In common with the other "coal railways" the technical limitations of the little railway became more obvious, and the most important of these was the track gauge of 4 ft 6 in, which required transshipment of loads at the point of connection with standard gauge lines. In 1847, the railway changed its gauge to the standard 4 ft 8½ in.

The Caledonian Railway was being promoted about the same time, with the object of participating in forming a main line route between Central Scotland and Carlisle, connecting there with the English railway trunk network. At the time the Grand Junction Railway was planning an approach from the south to Carlisle.

The Caledonian Railway promoters planned an entry through Annandale.
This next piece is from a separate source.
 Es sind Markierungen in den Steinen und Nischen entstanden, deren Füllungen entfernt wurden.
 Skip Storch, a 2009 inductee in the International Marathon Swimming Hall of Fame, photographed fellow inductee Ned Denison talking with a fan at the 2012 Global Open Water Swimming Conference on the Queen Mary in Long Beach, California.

To get access to Glasgow, the Caledonian secured agreement from the Wishaw and Coltness Railway and the Glasgow Garnkirk and Coatbridge Railway to use their lines for the approach to the city. The Caledonian took a lease of the Wishaw and Coltness from 1 January 1847, guaranteeing 10.5% on the W&CR capitalisation of £240,000. (Agreement to lease the GG&CR had been obtained a year earlier at 8%.) The Caledonian the bought the W&CR under the Caledonian Railway (Wishaw and Coltness Railway Purchase) Act 1849 (12 & 13 Vict. c. lxvii).
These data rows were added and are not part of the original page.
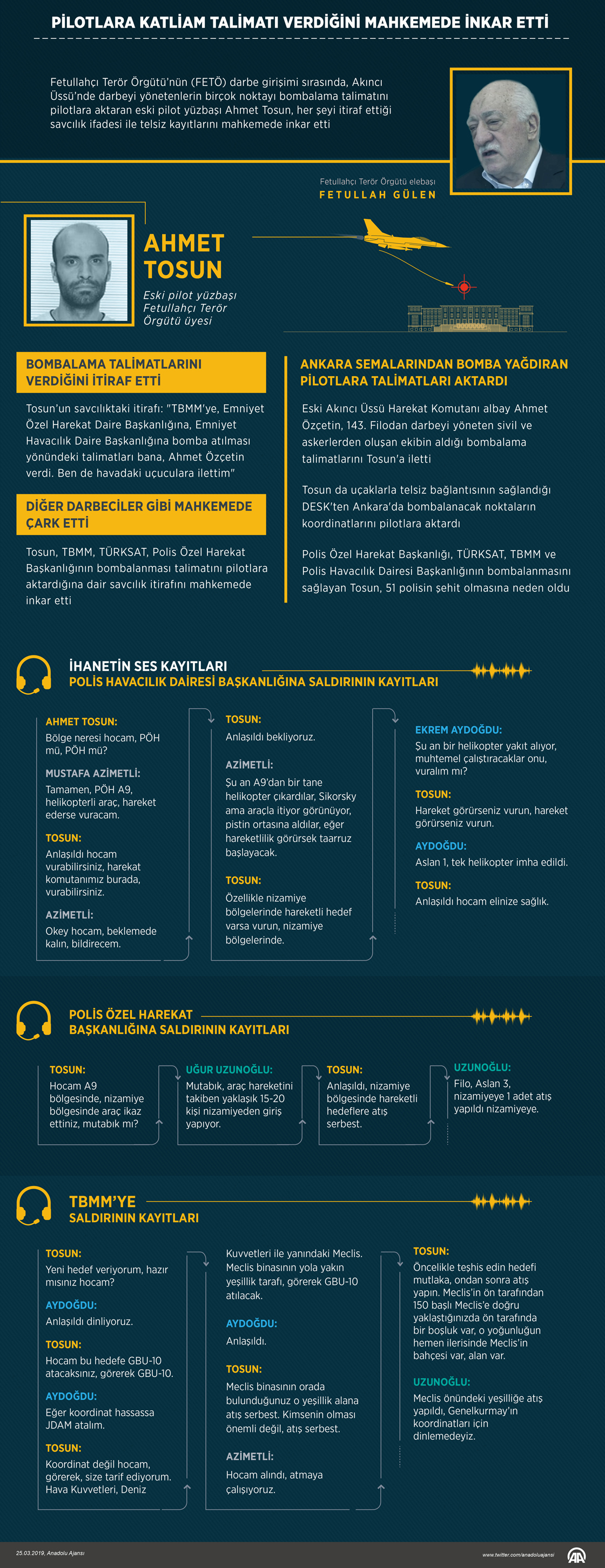 Fetullahçı Terör Örgütü'nün (FETÖ) darbe girişimi sırasında, Akıncı Üssü'nde darbeyi yönetenlerin birçok noktayı bombalama talimatını pilotlara aktaran eski pilot yüzbaşı Ahmet Tosun, her şeyi itiraf ettiği savcılık ifadesi ile telsiz kayıtlarını mahkemede inkar etti25 Mart 2019•Güncelleme: 25 Mart 2019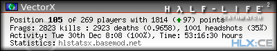 | Rank | Server | Kills | % | Ratio | Deaths | K:D | Headshots | Percentage of Headshots | % | HS:K |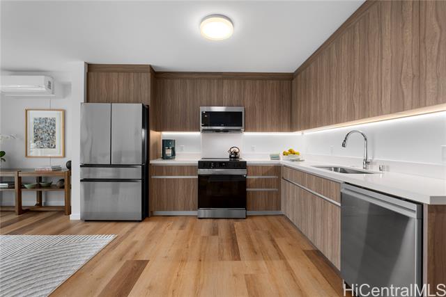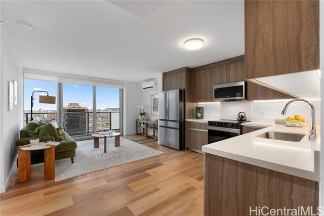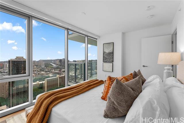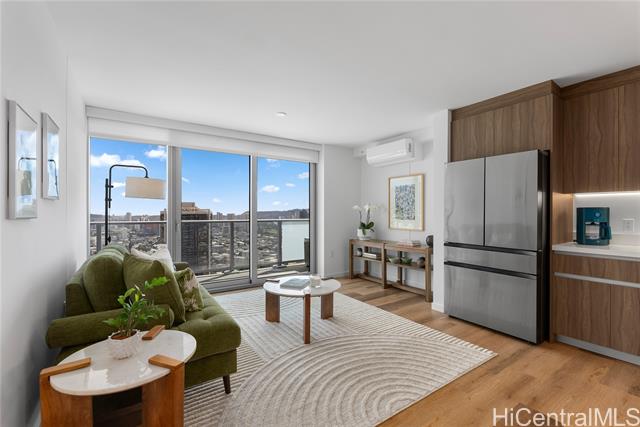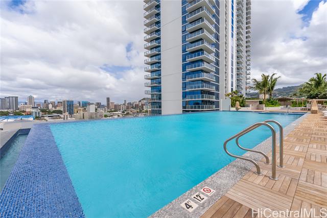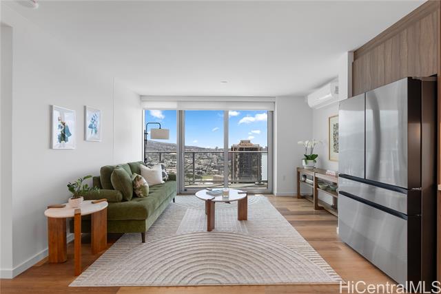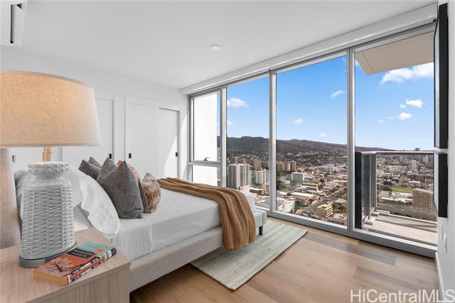 - The Park on Ke'eaumoku is completed & resales present an EXCELLENT opportunity to buy NEW without the wait! Located in the Liona Tower, this preferred larger 1-bedroom, "07"unit is move-in ready, INCLUDING FURNITURE, AUTO WINDOW SHADES, HARDWOOD FLOORS! Ideal high-floor unit on the cooler east facing side, with unobstructed, sweeping mountain, Diamond Head, & Waikiki views. Enjoy colorful rainbows on misty mornings as the sun rises, & expansive city lights in the evenings. Wonderful, East facing breezes filter through the unit for those who prefer a fresh atmosphere of Hawaii's clean air! The Park On Ke'aumoku is centrally located in urban Honolulu, within minutes to a wide variety of restaurants, Ala Moana Shopping Center, Ala Moana Beach park, nightlife & Honolulu's lively urban scene. These resort style amenities make this price a bargain: INFINITY POOL, CABANAS, WHIRLPOOL SPA, BBQ PAVILIONS, CLUB ROOM, FITNESS, YOGA STUDIO, SAUNA, CO-WORK SPACES, MEDIA LOUNGE & PRIVATE MOVIE THEATER. As building costs continues to rise, Honolulu's newest residential landmark condominium, offers the perfect first time home, investment or vacation retreat!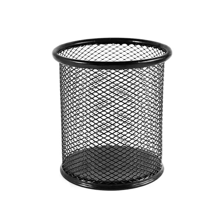 Suport pentru pixuri, rotund, din metal, tip plasa, negru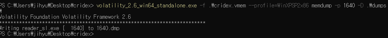: 찾기를 통해 의심스러운 process검색 - offset(헥사..?) 값을 복사 - $ volatility_2.6_win64_standalone.exe -f .\cridex.vmem --profile=WinXPSP2x86 dumpfiles -Q 0x00000000023ccf90 -D .\files\ -n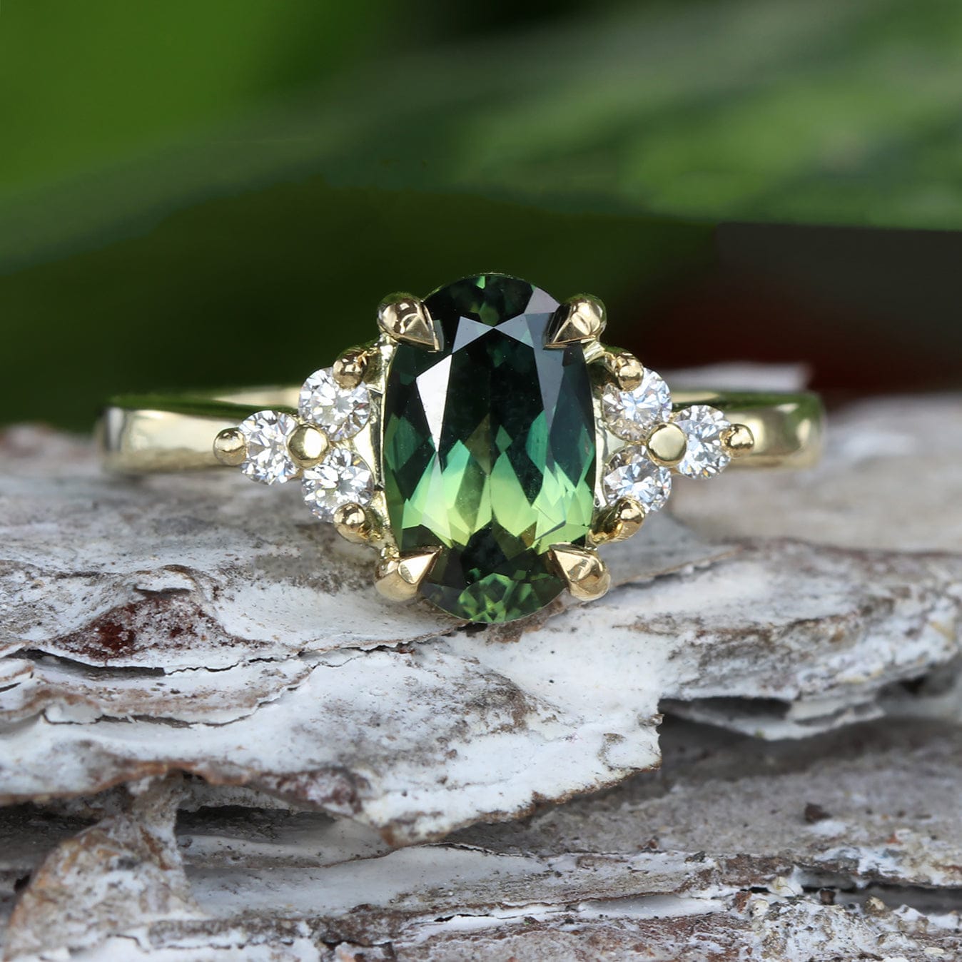 A bespoke 18ct gold sapphire and diamond cluster engagement ring. The ring is set with an oval Parti sapphire, fair trade mined in Queensland. This natural, 1.28 carat (8.43mm x 5.19mm) gemstone has an unusual mix of colours, with blue at one end and yellow at the other, creating the illusion that the stone is green! A cluster of 6 x 1.7mm Canadian diamonds hug each side of the main setting.

For the time being the Caledonian used the GG&CR Townhead terminus in Glasgow, but soon extended to a new terminal at Glasgow, Buchanan Street.

Parts of the Wishaw and Coltness routes remain in use at the present day: the section from the original Motherwell station, just south-east of the present-day station, to Garriongill Junction, and the section from Whifflet to Mossend South Junction follows the original construction.